When we get to the later years of our lives it is good to have some stories, adventures and interesting experiences with which to regale our grandchildren, being a writer can provide as many of those as you care to take up. 



Comments

Wendy H. Jones said…
Great to hear about your career. Sounds like you've managed to balance ghostwriting and writing your own novels perfectly. Well deserved ne and well deserved.
Bill Kirton said…
Fascinating, Andrew. I can't compete but I offer a little aside following on from your distinction between pleasure/fulfilment and financial reward. Since taking early retirement from academia, my way of supplementing (or, more accurately, earning) my writing income has been from commercial work - safety DVDs, training courses, corporate promotional materials, and so on. While they obviously have few of the pleasures of creating fiction, lots of them are still challenging enough to provide real satisfactions (not least in interpreting the briefs delivered by some individuals in upper management whose literacy levels and cliché resistance must have peaked around their 4th form days). And I make no apologies for sharing here a single sentence which I've quoted in many other comments and talks. I had to write the script for a 20 minute promotional video on a product I'll call Acmeclad. It was used to coat oil and gas pipes which were to be laid on the sea bed. I emailed the chief engineer of the company to ask what the product was, what it was supposed to do. In other words, I was asking 'What do you want me to say in the video?' His reply was:

Acmeclad is of a monocoque construction comprising a polymeric textile reinforcement encapsulated within a neoprene outer layer complete with integral neoprene strakes, bonded to a polypropylene penetration-resistant felt impregnated with a corrosion inhibitor or biocide contained within a water resistant thixotropic gel as dictated by the application for which the system will be supplied.
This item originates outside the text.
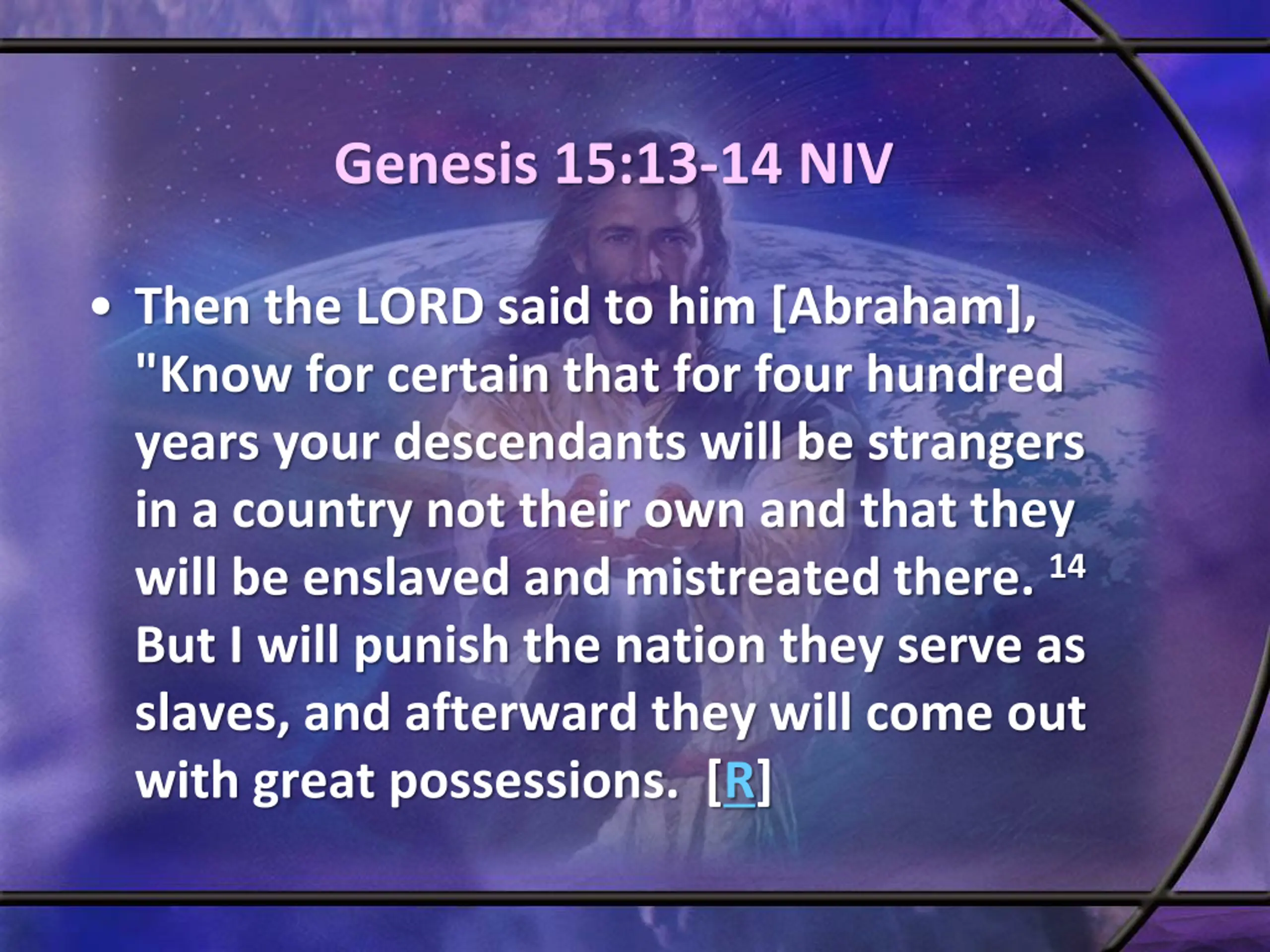 Genesis 15:13-14 NIV Then the LORD said to him [Abraham], "Know for certain that for four hundred years your descendants will be strangers in a country not their own and that they will be enslaved and mistreated there. 14 But I will punish the nation they serve as slaves, and afterward they will come out with great possessions. [R]
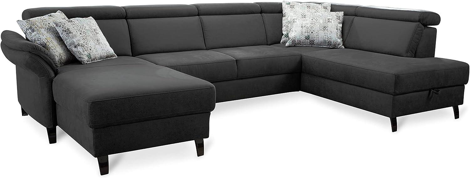 Beschreibung Die Cavadore Wohnlandschaft Ammerland vereint modernen Stil mit hohem Sitzkomfort. Ausgestattet mit einem Federkern und flexibel verstellbaren Kopfteilen, bietet sie optimalen Komfort. Der pflegeleichte Bezug aus Mikrofaser "Taurus" in Lederoptik in Dunkelgrau sorgt für eine ansprechende Optik. Mit den Maßen 317 x 84 x 193 cm (BxHxT) und einer Liegefläche von 117 x 251 cm ist sie ideal für entspannte Stunden. **Highlights** - Federkern für hohen Sitzkomfort - Flexibel verstellbare Kopfteile - Pflegeleichter Bezug aus Mikrofaser "Taurus" - Liegefläche von 117 x 251 cm - Moderne Sofalandschaft frei im Raum stellbar **Produkteigenschaften** - Maße (BxHxT): 317 x 84 x 193 cm - Sitzhöhe: 48 cm - Sitztiefe: 51 cm - Wellenunterfederung für Langlebigkeit - Metallfuß in Nickel Schwarz **Lieferumfang** - 5432 - Wohnlandschaft Ammerland mit Federkern - Longchair links - 2,5-sitziges Sofa mit Bettfunktion - Ottomane rechts - Inkl. Kopfteilverstellung

Stretching that to 20 minutes and still not understanding a word of the resulting script (which he approved) was very fulfilling.
AliB said…
What a fascinating post and thanks for being candid about your income, Andrew. You don't say what you earn from your 'passion projects' but then I don't suppose it matters. And they look really well designed.
Looking back I can see that I developed a certain amount of confidence as a writer in my working life when I took to sending stuff to mostly minor professional journals and enjoyed working to a brief for reports etc. I think this has stood me in good stead, but I have never really capitalised on it. However I think now life is maybe to short to sacrifice the passion for the prose!
Andrew Crofts said…
Thanks for the comments. I included any income from passion projects into the overall figure. It certainly isn't the largest part of the mix but then, as you say AliB, it "doesn't really matter". Having many different income streams from different types of writing takes all the pressure off, (well, most of the pressure). I think the financial advisers would call it having "a mixed portfolio".
Respect - and good that you also manage to find time and space for the passion projects. I've thought about ghost writing to help pay some bills, but not sure where to start... will check out your handbook!